After the blitzkrieg that sought to control kyiv failed in just a few days, Moscow had to rethink its offensive, abandoning a good part of the attack fronts it had established in the early stages of the invasion. Unable to progress in any of them, with a high level of casualties from the outset and with a notable logistical fiasco, feigned a withdrawal that, in reality, was a redeployment to prepare to start a new stage with Donbas as a priority objective. Thus, while he was trying to ‘sell’ that everything was going according to plan and that he had already achieved ‘successes’ such as the neutrality of a Ukraine that, in fact, was already neutral, he went on to reinterpret downwards the idea of victory. Donbas -understood as the whole of the Donetsk and Lugansk ‘oblasts’, with 53,000 km2 and some 6 million inhabitants until the start of the invasion- is a essential objective for Moscow, to the extent that it guarantees him a land connection with a Crimea that he is not willing to give up again under any circumstances; in addition to coal and the main industrial base of Ukraine.
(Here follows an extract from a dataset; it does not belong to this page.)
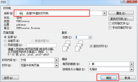 六、生存完成后,我們只要打開需要設置圖像格式的文檔,點擊打印,打印時打印機選擇【迅捷PDF虛擬打印機】,此時并沒有真正打印,我們只是通過虛擬打印,將文件通過PDF虛擬打印機設置的格式生存,點擊確定后,文件即以PDF的格式生存,而文件中的圖像就全部跟我們上面所設置的一致。

This explains why Russia has concentrated some 80 tactical groups (with an average of 1,000 troops each) around Donbas, with the idea of ​​launching a new offensive that seeks to control the entire region, combining a frontal attack with a pincer maneuver from the north, based on the Kharkov-Izium area, and from the south, based on the Berdyansk-Mariupol area, which at its maximum would converge in the city of Dnipro. In this way, it seeks to pocket the Ukrainian forces that are trying to avoid the loss of that region and prevent them from receiving reinforcements from the rest of the country.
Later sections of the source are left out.